- _RECORDS TO USE_
************
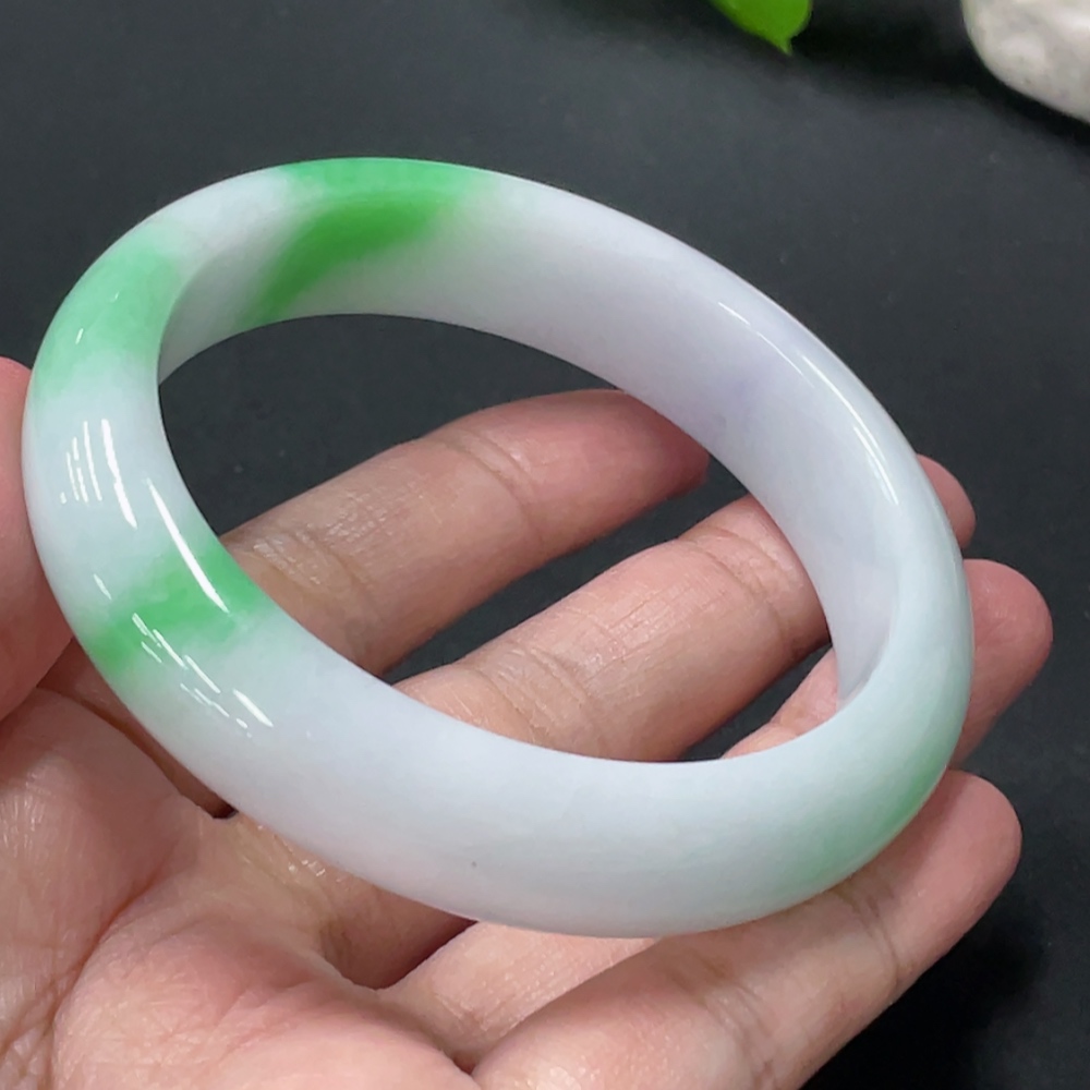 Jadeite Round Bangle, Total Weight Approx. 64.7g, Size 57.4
************
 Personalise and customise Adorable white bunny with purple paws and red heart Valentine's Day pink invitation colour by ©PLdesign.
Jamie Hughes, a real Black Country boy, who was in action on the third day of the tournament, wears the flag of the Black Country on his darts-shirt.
************
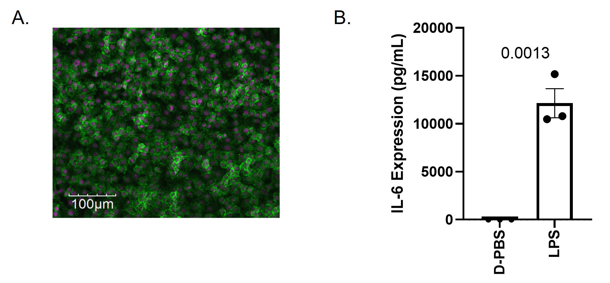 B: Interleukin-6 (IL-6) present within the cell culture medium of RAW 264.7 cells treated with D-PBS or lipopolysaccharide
************
- _TASK_
Using the data above, reproduce exactly the lines between those holding "Personalise and customise" and "Jamie Hughes, a", inclusive, and no others.

- _RESPONSE BELOW_
 Personalise and customise Adorable white bunny with purple paws and red heart Valentine's Day pink invitation colour by ©PLdesign.
Jamie Hughes, a real Black Country boy, who was in action on the third day of the tournament, wears the flag of the Black Country on his darts-shirt.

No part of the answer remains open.